Порядок установки будет следующим:
-
Установить подчиненный Центр сертификации уровня ЦС предприятия (со
службой сертификации и службой регистрации в центре сертификации через
Интернет) MS Windows Server 2012 R2, задать имя центра сертификации,
подразделение, организацию, город и страну для сертификата, отправить
запрос на сертификат в корневой центр сертификации. -
Установить сертификат корневого центра сертификации и актуальный
список отозванных сертификатов. - Настроить службу на автоматический выпуск сертификатов.
- Включить аудит работы службы, сделать настройки безопасности.
-
Добавить ссылки на точку распространения отозванных сертификатов и
корневого сертификата центра сертификации, которые будут добавляться в
каждый выпущенный сертификат. - Выпустить внеочередной список отозванных сертификатов.
Установка службы сертификации из состава MS Windows
Установка службы сертификации производится с использованием Мастера в следующей последовательности:
- Открыть окно Диспетчер серверов.
- В окне выбрать Добавить роли и компоненты.
-
В окне Мастера добавления ролей и компонентов
оставить по умолчанию тип установки Установка ролей или компонентов. - В окне Выбор целевого сервера оставить все без изменения.
- Поставить флажок Служба регистрации в центре сертификации через Интернет.
- Нажмите Далее.
- После проверки выбранных параметров установки нажмите Установить.
Далее выбрать роль сервера Службы сертификатов Active Directory. В Появившемся
окне оставить все по умолчанию и нажать кнопку Добавитькомпоненты.
За процессом установки можно наблюдать в окне Результаты.
После установки службы сертификации необходимо ее настроить. Для этого
нажать Настроить службы сертификации Active Directory на конечном сервере.
В окне учетные данные нажать Далее.
В окне выбора службы роли для настройки отметить флажками Центр сертификации и
Служба регистрации в центре сертификации через Интернет. Нажать кнопку Далее.

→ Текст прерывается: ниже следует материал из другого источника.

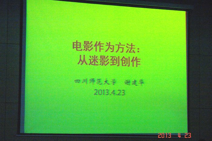 2013年4月23日下午两点半,四川师范大学谢建华副教授应邀来到新都校区图书馆学术报告厅,带来了题为《从迷影到创作》的人文艺术讲座。本次讲座由伟德bv国际体育新都校区教务办主办,新都校区管委会协办,戏剧影视文学系承办。讲座由学院教务处处长助理刘道莉老师主持,戏剧影视文学系的师生及其他院系的同学积极参与了此次讲座。 谢建华副教授,北京电影学院毕业,博士,现为四川师范大学新闻与传播学院编导系主任,硕士研究生导师。 谢老师此次为伟德官网师生讲述了关于“迷影到创作”的种种途径与方法。开场前,谢教授为师生们放映了卢正雨的新剧《嘻哈三部曲之绝世高手》的片段,使同学们体会到电影创作的神奇。随后,谢教授讲述了什么是迷影,这需要同学们有足够的阅片量,至少500部。同时向同学们推荐了“CMCT”观看高清电影的专业网站。接着,谢教授也以北大同学拍摄的微电影《下一站》为例,向同学们介绍了微电影的创作及其误区,他衷心地希望讲座能够帮助同学们拍出优秀的作品。 讲座结束后,戏文系主任助理左芝兰副教授进行了简短的总结,谈了自己的收获,同时希望同学们也能够从中学习到有关创作电影的知识与方法。 这次讲座虽然只有短短的一个半小时,却让同学们明晰了电影创作的方法,受到了同学们的热烈欢迎。

Далее следует выбрать ЦС предприятия.
Затем Подчиненный ЦС.
При создании нового ключа ЦС выбрать опцию Создать новый закрытый ключ.
Далее следует выбрать криптопровайдер RSA#Microsoft Software Key Storage Provider и
установить опцию Разрешить взаимодействие с администратором, если центр сертификации
обращается к закрытому ключу.
Далее ввести сведения о ЦС. Имя ЦС может быть введено
как кириллицей, так и латиницей. При этом если имя вводится кириллицей,
то его длина не должна превышать 50 символов.
Если Имя вводится латиницей, то его длина не должна превышать 250 символов.
Имя ЦС по умолчанию состоит из имени сервера и приставки CA.
Ввести сведения о Вашей организации в поле Суффикс различающегося имени, разделив значения
запятыми (после запятой пробел не ставить), по следующему примеру:
OU = название отдела
O = название организации
L = город местонахождения
C = RU
На сообщение о расширенной кодировке имен выбираем Да:
Сохранить запрос на сертификат в файл:
По окончанию появится окно с успешной установкой:
Файл запроса на сертификат будет сохранен в корне диска C:\.
Установка сертификата корневого центра сертификации и актуального списка отозванных сертификатов
Вначале следует загрузить веб-сайт корневого центра сертификации.
Для этого запустить браузер, ввести в строку поиска адрес Вашего корневого центра
сертификации, например, по имени сервера:
https://«имя вашего корневого сервера»/certsrv.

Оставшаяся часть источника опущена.